• **TRY IT**
Give the lines again exactly as they appear below, from the line with "Illustrated Japanese book" to the line with "Пчелка, клининговая компания", both included, and only those lines. Leave every picture out.

• **MATERIAL TO PROCESS**
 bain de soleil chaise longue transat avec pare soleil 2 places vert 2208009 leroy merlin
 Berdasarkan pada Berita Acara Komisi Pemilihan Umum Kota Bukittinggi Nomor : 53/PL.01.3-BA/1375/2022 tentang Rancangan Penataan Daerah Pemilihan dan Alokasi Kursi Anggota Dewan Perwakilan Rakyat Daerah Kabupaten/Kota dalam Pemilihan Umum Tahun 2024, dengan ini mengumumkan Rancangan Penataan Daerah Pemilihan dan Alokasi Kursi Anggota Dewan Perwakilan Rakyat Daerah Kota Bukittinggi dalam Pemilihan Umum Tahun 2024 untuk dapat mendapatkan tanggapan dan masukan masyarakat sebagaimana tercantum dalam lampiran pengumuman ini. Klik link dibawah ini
---
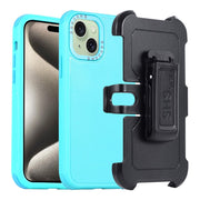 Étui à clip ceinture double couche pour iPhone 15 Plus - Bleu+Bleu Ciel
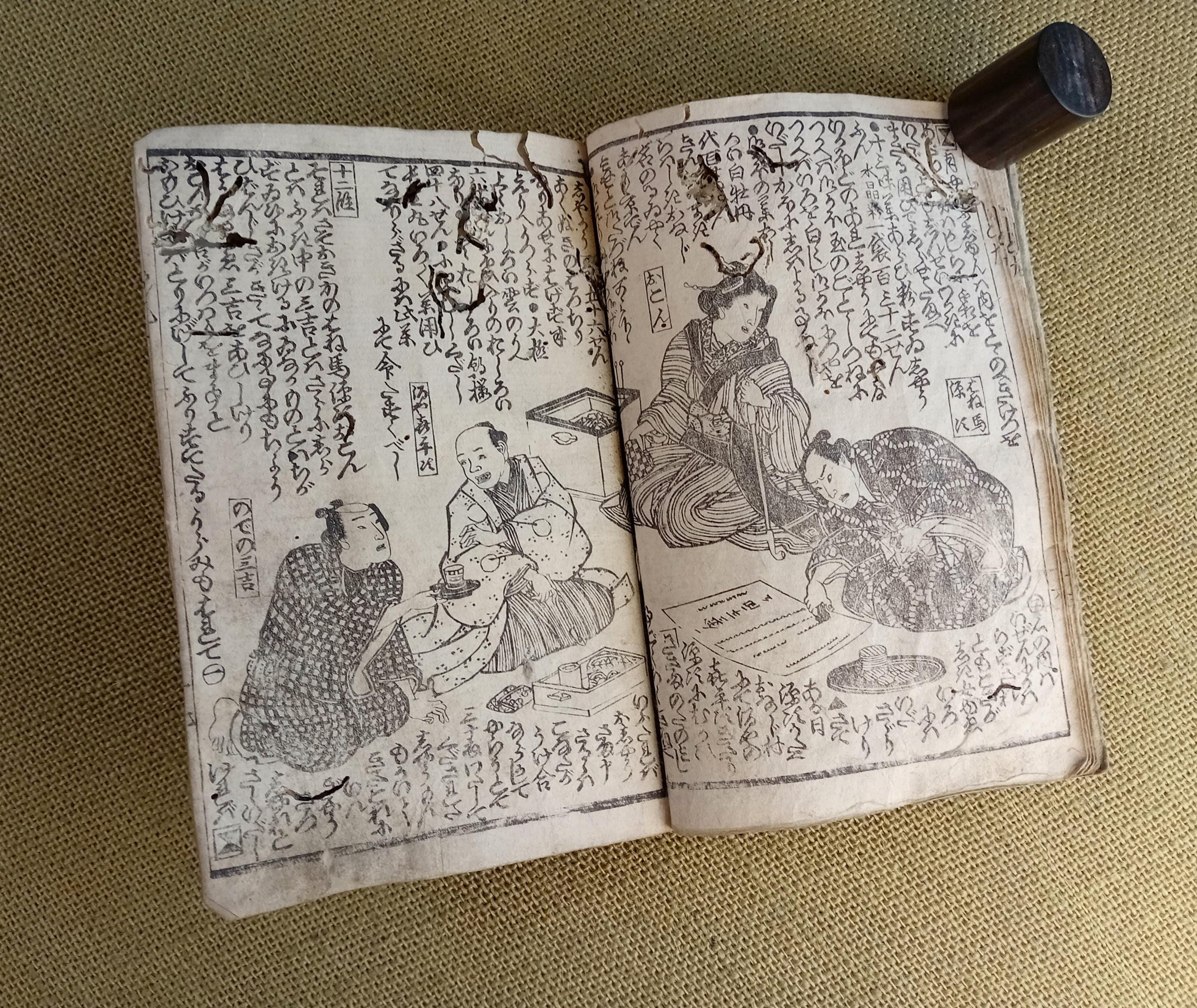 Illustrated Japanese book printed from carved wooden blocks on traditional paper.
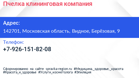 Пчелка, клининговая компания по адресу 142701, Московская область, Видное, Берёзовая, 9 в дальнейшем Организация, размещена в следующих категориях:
...
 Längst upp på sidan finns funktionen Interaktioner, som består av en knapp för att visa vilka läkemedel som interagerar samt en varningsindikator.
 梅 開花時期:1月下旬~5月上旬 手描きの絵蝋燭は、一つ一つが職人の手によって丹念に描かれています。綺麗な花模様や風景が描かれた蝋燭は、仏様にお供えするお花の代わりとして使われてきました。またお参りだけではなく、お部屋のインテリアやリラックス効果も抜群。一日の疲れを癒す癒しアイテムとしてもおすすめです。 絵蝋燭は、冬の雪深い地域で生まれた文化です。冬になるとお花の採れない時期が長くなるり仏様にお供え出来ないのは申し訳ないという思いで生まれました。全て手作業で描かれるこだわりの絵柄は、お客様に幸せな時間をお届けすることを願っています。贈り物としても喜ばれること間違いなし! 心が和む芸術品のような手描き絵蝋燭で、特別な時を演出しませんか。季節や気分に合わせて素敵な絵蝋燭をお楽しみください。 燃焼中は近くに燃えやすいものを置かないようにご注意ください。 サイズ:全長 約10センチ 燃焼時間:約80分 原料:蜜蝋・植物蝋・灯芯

• **RESPONSE TO THIS EXERCISE**
 Illustrated Japanese book printed from carved wooden blocks on traditional paper.
 Пчелка, клининговая компания по адресу 142701, Московская область, Видное, Берёзовая, 9 в дальнейшем Организация, размещена в следующих категориях:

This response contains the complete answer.